Human society has encountered series of epidemics and, with the exponential growth of international commerce under capitalism, also pandemics. The dreaded "Black Death", for example, peaked in Europe between 1347 and 1351 and killed anywhere between 75 to 200 million people. Even Cholera, a disease so familiar to older people in India, spread across much of the globe seven times over the past two centuries, the one that raged between 1960s and early 1970s being the last one.

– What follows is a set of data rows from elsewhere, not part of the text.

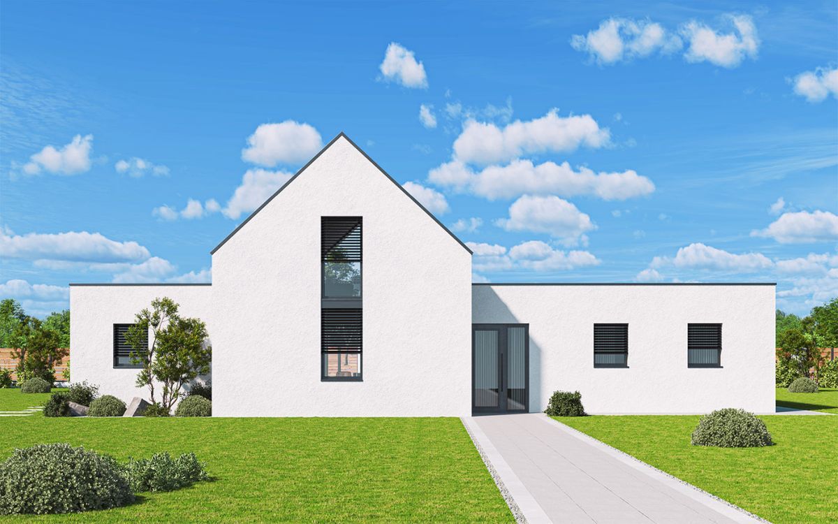 Jednopodlažní dům o dispozici 3 + kk + g je vhodným řešením pro rodiny uvažující o jednom dítěti či jako řešení bydlení na stáří. Dům má půdorys tvaru L, kdy je dispozičně dělen na společenskou a klidovou zónu.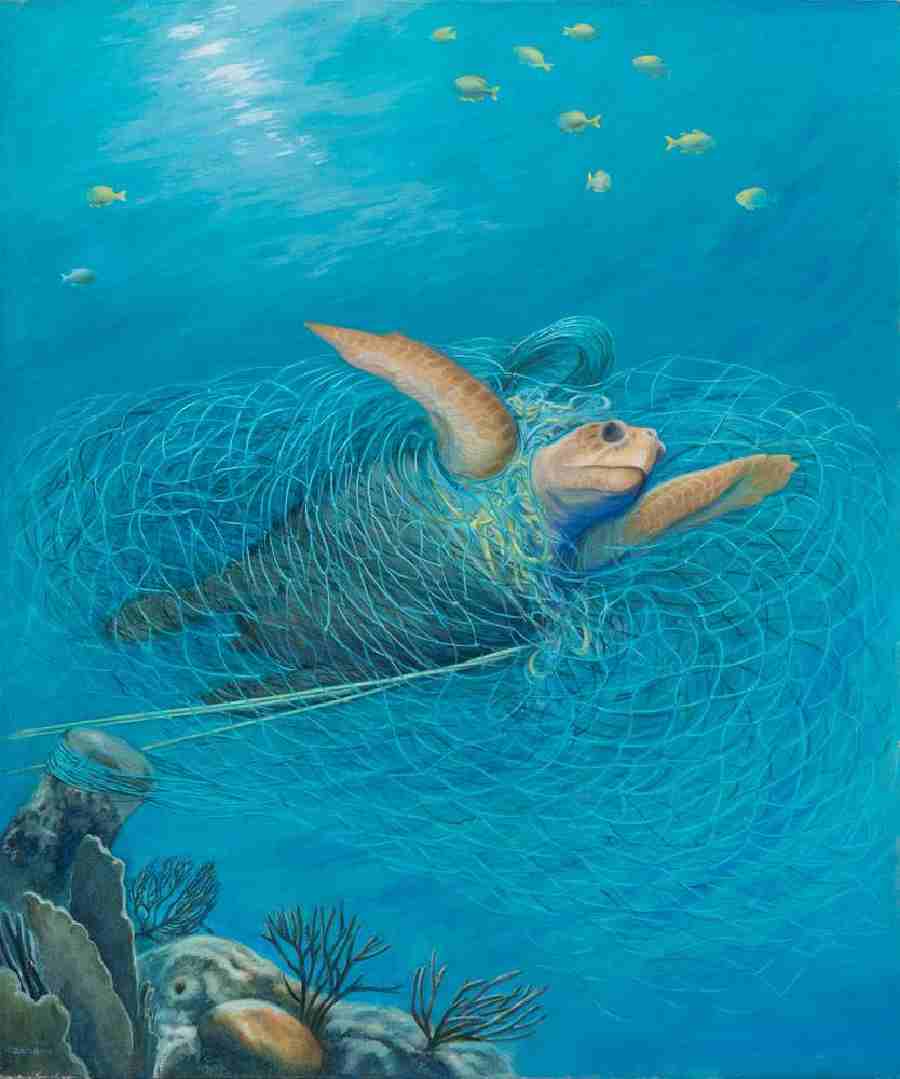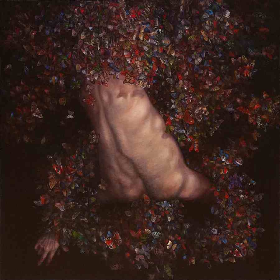L’esposizione propone al visitatore le terrecotte e i bronzi di Ettore Greco la cui ricerca sull’interiorità dell’essere umano chiede alla materia di suggerire più che imitare volti e corpi. La lettura dei suoi soggetti non può prescindere dalla luce e dal modo in cui cade e impregna una bocca, una fronte, un gesto. L’apprezzato scultore padovano che insegna all’Accademia veneziana, non insegue la mimesis, cioè la rappresentazione visiva, semmai indaga passioni e sentimenti. Anche David Dalla Venezia si muove intorno all’uomo e al senso dell’essere qui e ora sulla terra. Lo strumento tuttavia non sono gli altri, ma se stesso. Il pittore è insieme autore e attore, creatore e oggetto, essere vivente e natura morta. Forza e silenzio. La sua tavolozza di bruni, ocra, neri pacati e bianchi gessosi, si colora talvolta di blu e rossi cui l’artista affida la cattura dello sguardo. Come accade nei due grandi dipinti in cui il protagonista si immerge dentro un nugolo di farfalle. Che dicono sogni pensieri ricordi. Fulvia Zambon, ritrattista molto nota nel panorama newyorkese, torna al suo studio sospeso tra cielo e laguna con una serie di tele dedicate all’acqua, al mare e al rapporto amniotico che l’uomo intesse con il mondo liquido. Talvolta le figure vi si immergono liberandosi del peso corporeo e lasciandosi andare alla serenità; in altri casi nuotano attorniate da animali dolorosamente uccisi dai veleni di cui la nostra razza ha riempito il ventre degli oceani.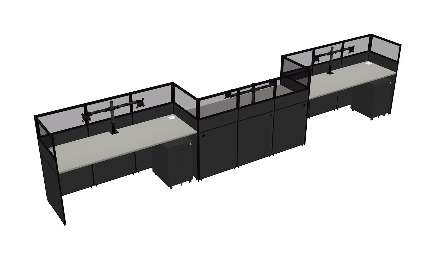 Grey Shadows Rectangular Cubicle Workstations For 3 - Zigzag Formation + Black Metal Mobile Drawers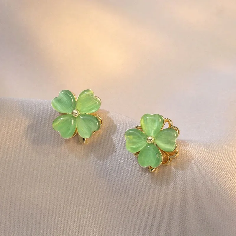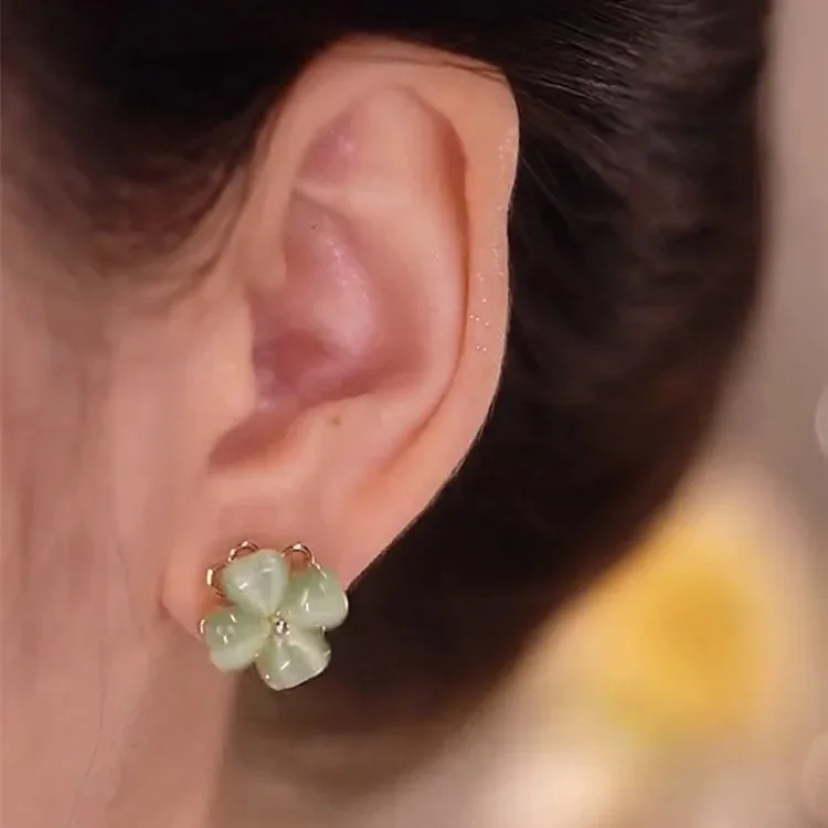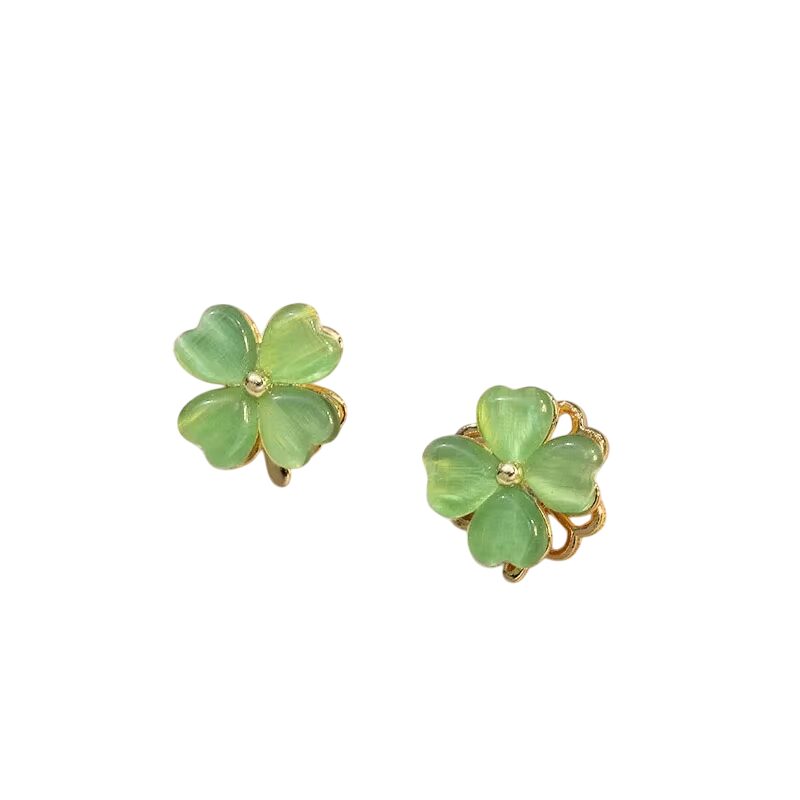 Boucles d’oreilles dorées avec trèfles verts clairs
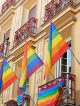Many LGBT gay flags hanging and waving on the festive vintage building in the centre of Madrid, Spain. Vertical photo of equality symbol on gay pride day

Nearly a hundred years ago we had the so-called Spanish flu, followed by others like HIV (which, since 1981, has claimed the lives of more than 32 million people and at the end of 2018 around 37.9 million people were living with it), SARS (which, like Covid-19, was due to a Coronavirus known as SARS-CoV and infected an estimated 8,000 people in 29 countries in the year 2002), H1N1 or the Swine Flu (which infected an estimated 60.8 million people in 2009 - 2010, with 12,469 fatalities, of which about 80% were people younger than 65 years). A quick glance at a couple of these outbreaks, we believe, can help us in our collective fight against the scourge at hand. For although everything has changed over the decades, it is equally true that the more things change, the more they stay the same.

How the Colonial Rulers Dealt With the 1896 Plague In India

The bubonic plague of 1896 travelled from its epicenter in Yunnan, China, via Hong Kong to Bombay port. The vehicle of contagion was imported merchandise, which were often crammed with infected rodents. From Bombay the disease spread to some other areas including Punjab, the United Provinces, Bengal and even Burma. To make matters worse, the plague was accompanied by a famine that started from Bundelkhand and spread to other areas. By 1901 four lac Indians fell pray to it and by 1905 the toll was 10 lac.

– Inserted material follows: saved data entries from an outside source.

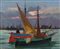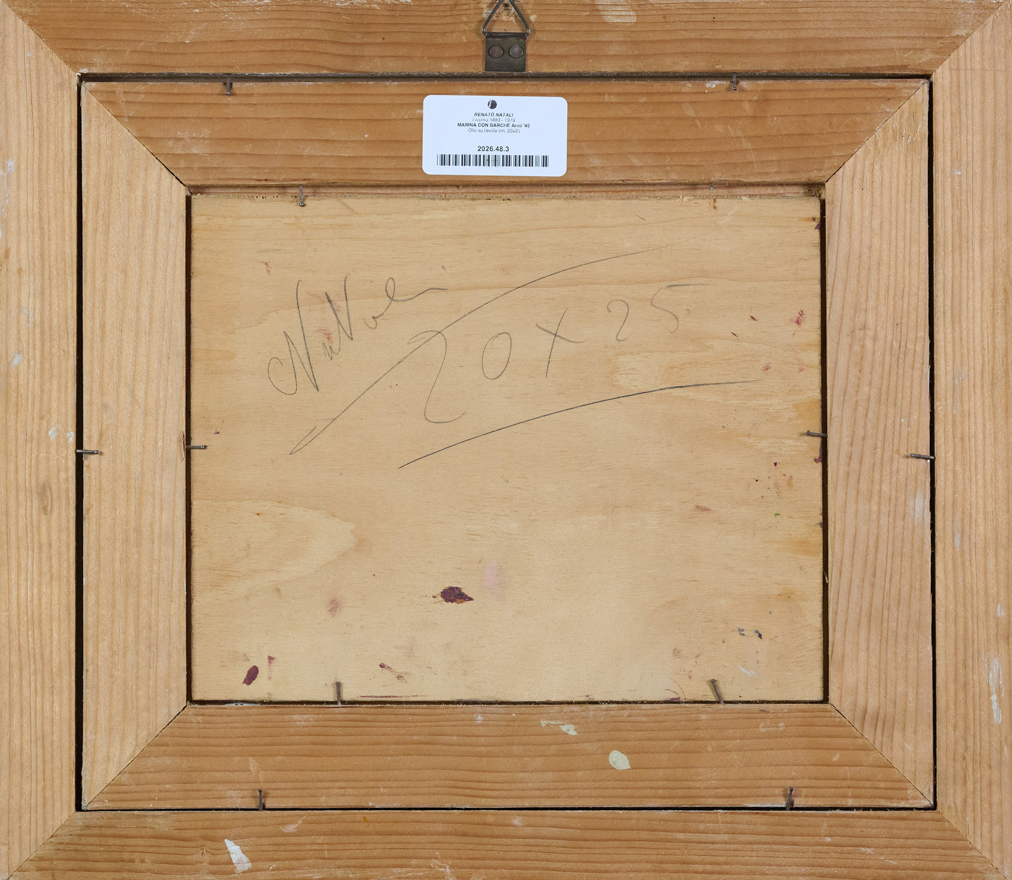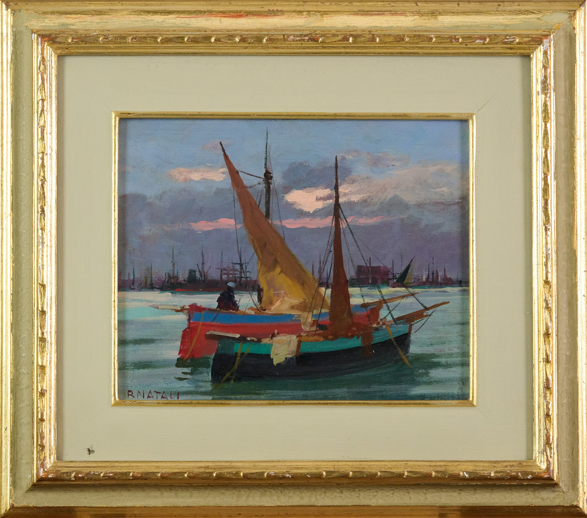 Renato Natali (Livorno, 1883 - 1979) Marina con barche Anni '40 Olio su...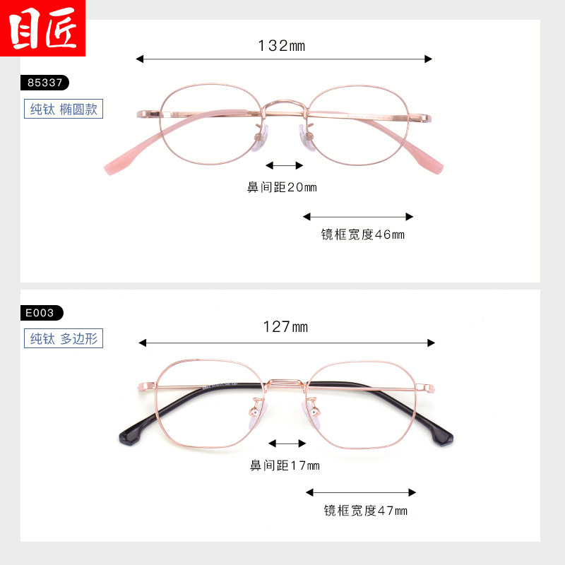 超轻纯钛高度近视眼镜框女可配度数金丝边金边椭圆形小框小脸镜架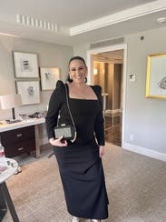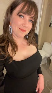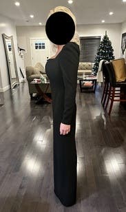 Beautiful black dress, simple and classic for almost any event. Badgley Mischka tends to run large so I always order a smaller backup if available. Normal size is 4 (5’3”/125lbs) but there was only a 4L available so I also rented the 2R. The 4L was long and was a bit looser than the 2R, which is what I ended up wearing. As you can see in the pic, the 2R was still long on me, even though I was in 4.5” heels, however fit better than my normal size. The dress has some give and is pretty comfortable. I did not need to wear a bra. Might buy this dress just to have as a wardrobe staple!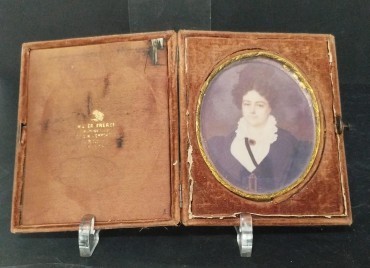 fotografia a negro, moldura em metal amarelo, estojo original, séc. XX, pequenas faltas e defeitos. Dim. - 9.5 x 8 cm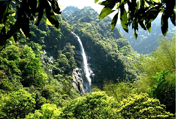 太平山瀑布是由其獨具一色而聞名,其水源來自太平山頂?shù)墓拍经h(huán)抱的平湖,清泉順山勢往下流,到絕壁處便飛瀉直下,先是瀉向一丈有余巨石上,濺起一簇簇如珠似玉的水花,鳴聲如雷,回蕩山谷。瀑布沿著巨石折古而行,流入一個大巖池,環(huán)池旋轉后,又沿石縫折跌而下,形成二級飛瀑,水流又沿石入池,漫過池沿而下流,到斜壁處飛瀉入深潭。形成三級瀑布,構成太平山的飛瀑奇觀。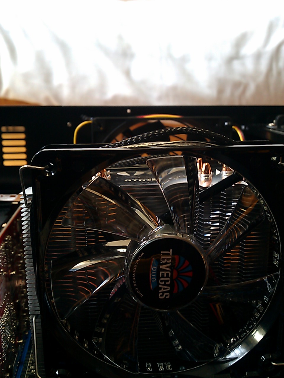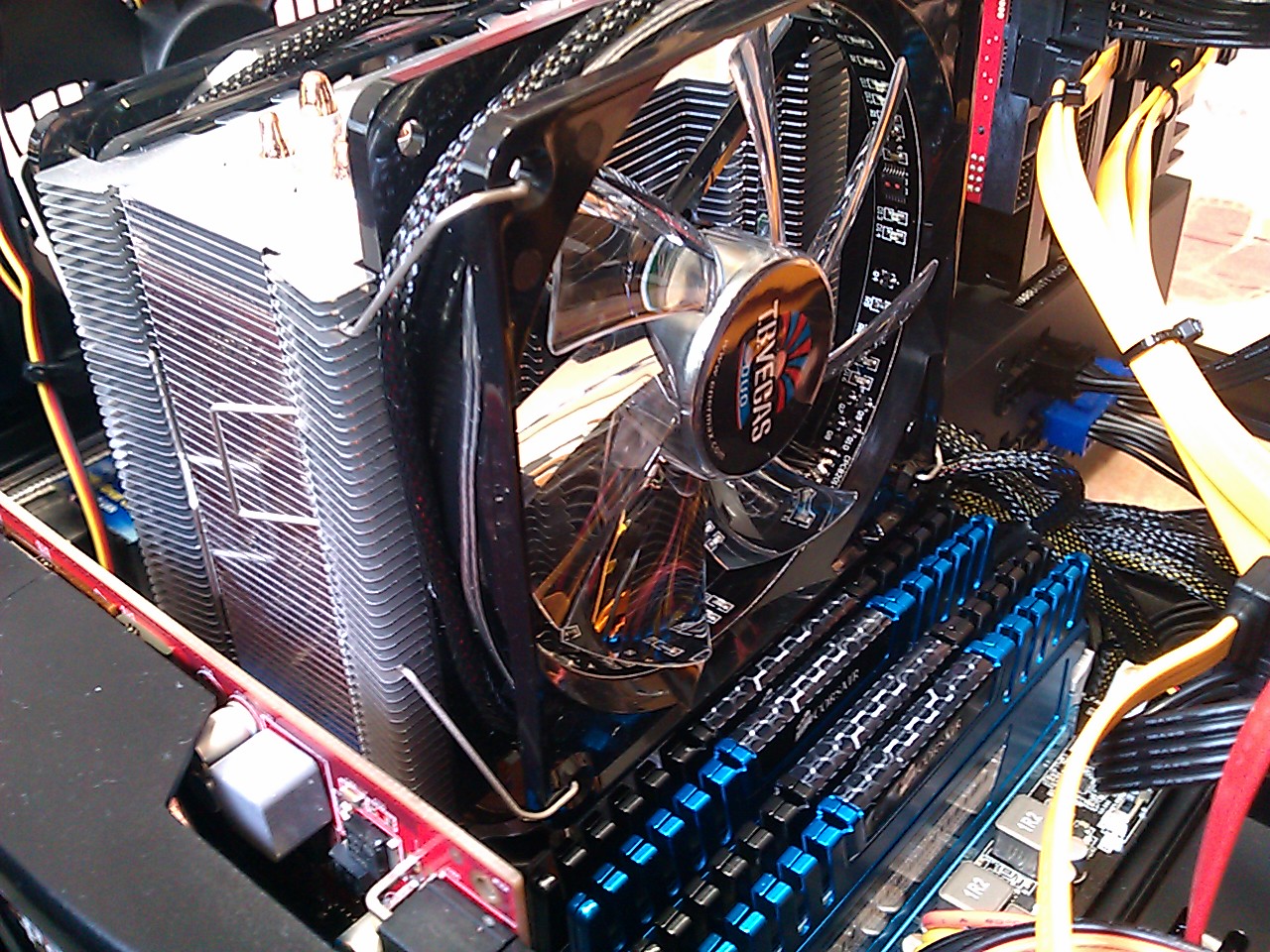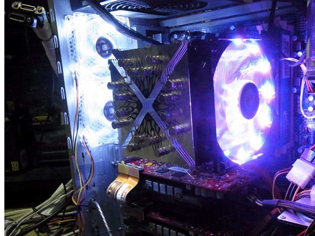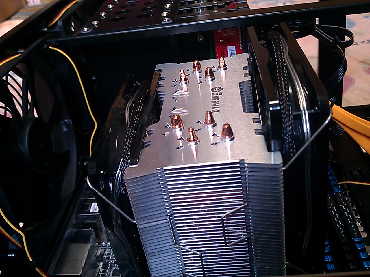忍者3も以前はこの方法でVGA冷却を行っていたのだが、マザーの変更でCPU位置がVGA寄りになり、ファンをVGA側につけるどころかクーラー自体がVGAと接触寸前に。しかしETS-T40ならこの通り現在のZ68 pro3-Mでも上下方向に配置できた。

According to some scholars, initially the British government preferred to remain passive because they did not want to disturb the flourishing international trade, particularly the opium trade with China. But when some of their trade partners got wind of the plague and threatened restricting trade with India, the government was forced to act.

In January 1897, Sir John Woodburn moved a very brief and hurriedly drafted bill to arm the authorities with arbitrary powers to check the spread of the disease. The basic motive was to protect British mercantile interests. As Mr. Woodburn said while introducing the bill, "foreign countries are already much alarmed at the possibility of infection from India... (and therefore) for the safeguarding of our commerce the government must be prepared to take steps to allay the fears of other nations."

The bill was enacted as "The Epidemic Diseases Act, 1897" and put into practice with brute force. Aggressive screening of passengers at railway stations and ports and forced isolation of those suspected of having been infected; house to house searches for sick persons by police and in some cases military personnel, who often ordered men and women to strip in public so that they could be checked for symptoms of plague on armpits and groins; chemically disinfecting not only houses but even human beings suspected of having the disease; fumigating and even burning down houses as well as clothes and other belongings of the people in what we call “hot spots” - repressive acts like these generated a lot of animosity among the masses, particularly in Bombay city and Puna (as they were called in those days). The people's disaffection found voice in mass protests, including an attack on a hospital that was virtually a prison for plague patients, and also in articles written by Bal Gangadhar Tilak in his Marathi paper Kesari.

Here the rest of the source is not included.